### EXERCISE INSTRUCTIONS:
Would you print the data below exactly, leaving out every picture?

### Extracted records:

======

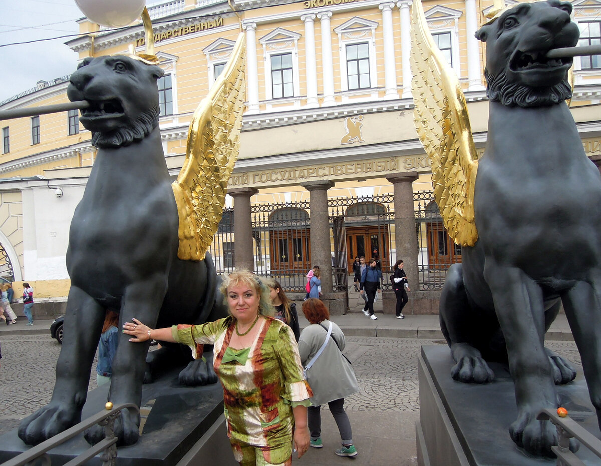 Пару лет назад крылатые персоны были отреставрированы, поэтому, сейчас выглядят просто потрясающе. Особую славу принесли грифонам позолоченные крылья. Говорят, в белые ночи эти особи летают над городом))
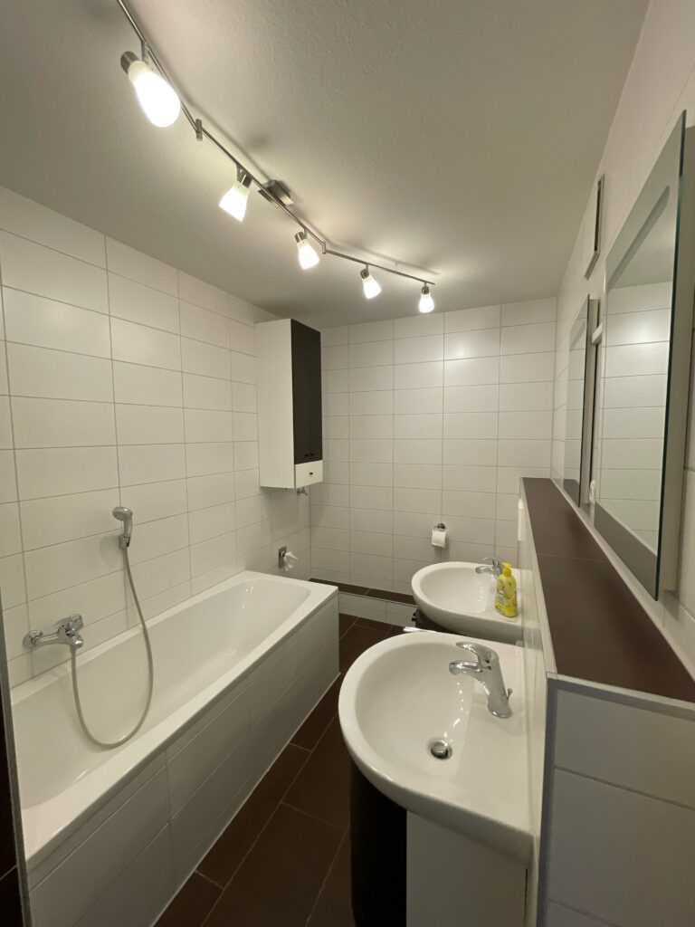 Das Badezimmer ist funktional, aber dabei topmodern eingerichtet und verfügt über eine Dusche, eine Wanne und einen Waschmaschinenanschluss.
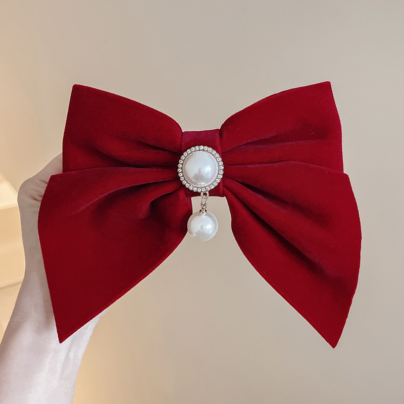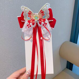 6#珍珠蝴蝶结中国结吊坠发夹一对装
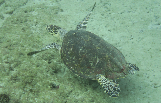 The day started with light sprinkles and ended with bright sun. Seas were 2-3 feet. I was surprised that the water temp was 76 degrees on all 3 dives. Visibility was about 40 feet. There was a moderate north current, some pulling east, off the reef. First dive at Capt Mike's, 2nd at Spadefish Point 3rd at Bonnie's. Saw 6-8 small Reef Sharks, a couple of Nurse Sharks. A couple of Hawksbills, 6-8 Loggerheads, 2 Goliath Grouper, a Southern Ray, and the usual reef fish.
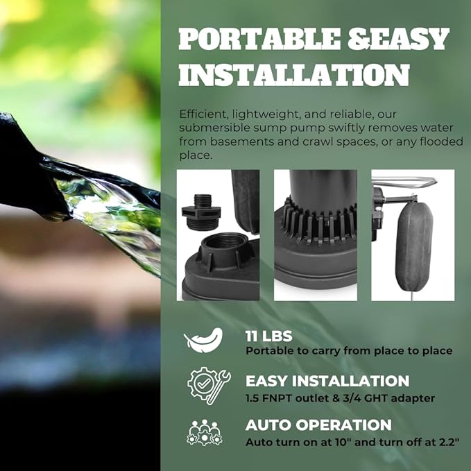 - WIDELY APPLICABLE: The powerful drainage pump tailored for tackling flooded basements, hot tubs, cellars, water tanks, confined crawl spaces, window wells, swimming pools, garden ponds, sump pits, rain barrels, and a wide array of water transfer tasks, ensuring efficient and reliable water removal.
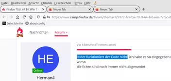 leider funktionert der Code für die abgerundeten Tabs auch bei mir mit ff 70 nicht, der für die orangen Ordner aber schon.
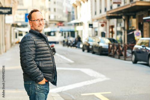 Outdoor portrait of middle age man in city, wearing blue jacket and eyeglasses
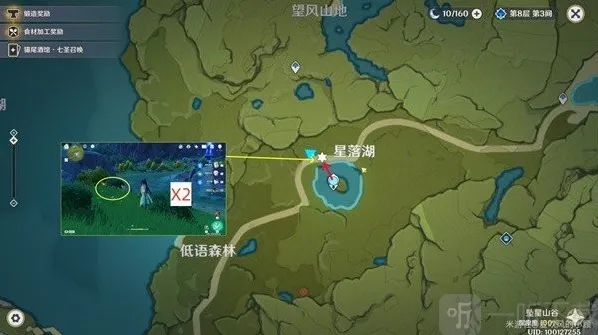 6.采集点位于星落湖位置,传送至下图七天神像处,共2朵
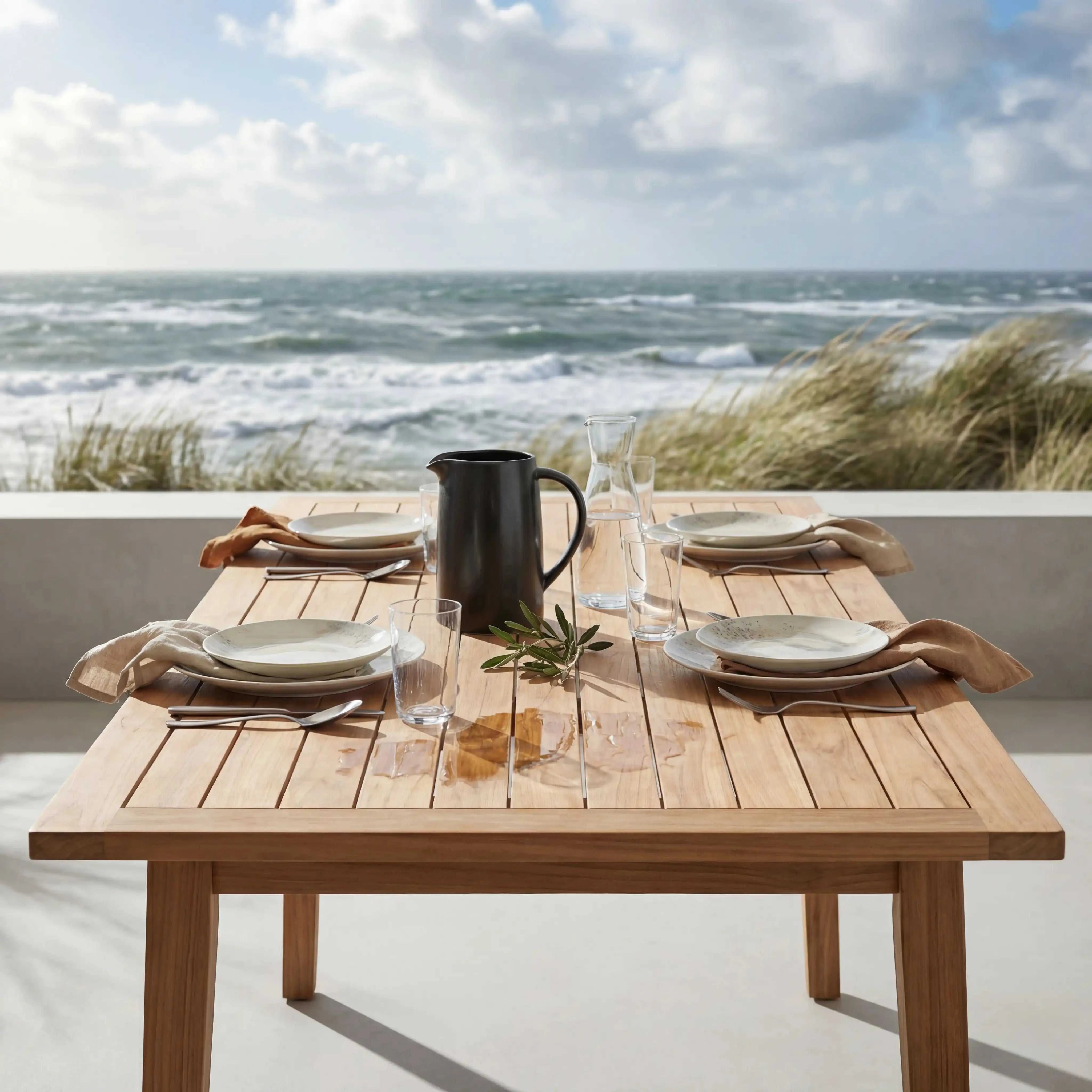 Der Ausziehtisch Malaga ist ein hochwertiger Gartentisch aus FSC®-zertifiziertem Teakholz, der natürliche Optik mit praktischer Flexibilität verbindet. Dank Butterfly-Auszugmechanismus lässt sich die Tischlänge von 150 cm auf 210 cm erweitern – ideal, wenn aus dem Alltagstisch schnell ein großzügiger Esstisch für Gäste werden soll.

======

### RESULT OF THE EXERCISE:
 Пару лет назад крылатые персоны были отреставрированы, поэтому, сейчас выглядят просто потрясающе. Особую славу принесли грифонам позолоченные крылья. Говорят, в белые ночи эти особи летают над городом))
 Das Badezimmer ist funktional, aber dabei topmodern eingerichtet und verfügt über eine Dusche, eine Wanne und einen Waschmaschinenanschluss.
 6#珍珠蝴蝶结中国结吊坠发夹一对装
 The day started with light sprinkles and ended with bright sun. Seas were 2-3 feet. I was surprised that the water temp was 76 degrees on all 3 dives. Visibility was about 40 feet. There was a moderate north current, some pulling east, off the reef. First dive at Capt Mike's, 2nd at Spadefish Point 3rd at Bonnie's. Saw 6-8 small Reef Sharks, a couple of Nurse Sharks. A couple of Hawksbills, 6-8 Loggerheads, 2 Goliath Grouper, a Southern Ray, and the usual reef fish.
 - WIDELY APPLICABLE: The powerful drainage pump tailored for tackling flooded basements, hot tubs, cellars, water tanks, confined crawl spaces, window wells, swimming pools, garden ponds, sump pits, rain barrels, and a wide array of water transfer tasks, ensuring efficient and reliable water removal.
 leider funktionert der Code für die abgerundeten Tabs auch bei mir mit ff 70 nicht, der für die orangen Ordner aber schon.
 Outdoor portrait of middle age man in city, wearing blue jacket and eyeglasses
 6.采集点位于星落湖位置,传送至下图七天神像处,共2朵
 Der Ausziehtisch Malaga ist ein hochwertiger Gartentisch aus FSC®-zertifiziertem Teakholz, der natürliche Optik mit praktischer Flexibilität verbindet. Dank Butterfly-Auszugmechanismus lässt sich die Tischlänge von 150 cm auf 210 cm erweitern – ideal, wenn aus dem Alltagstisch schnell ein großzügiger Esstisch für Gäste werden soll.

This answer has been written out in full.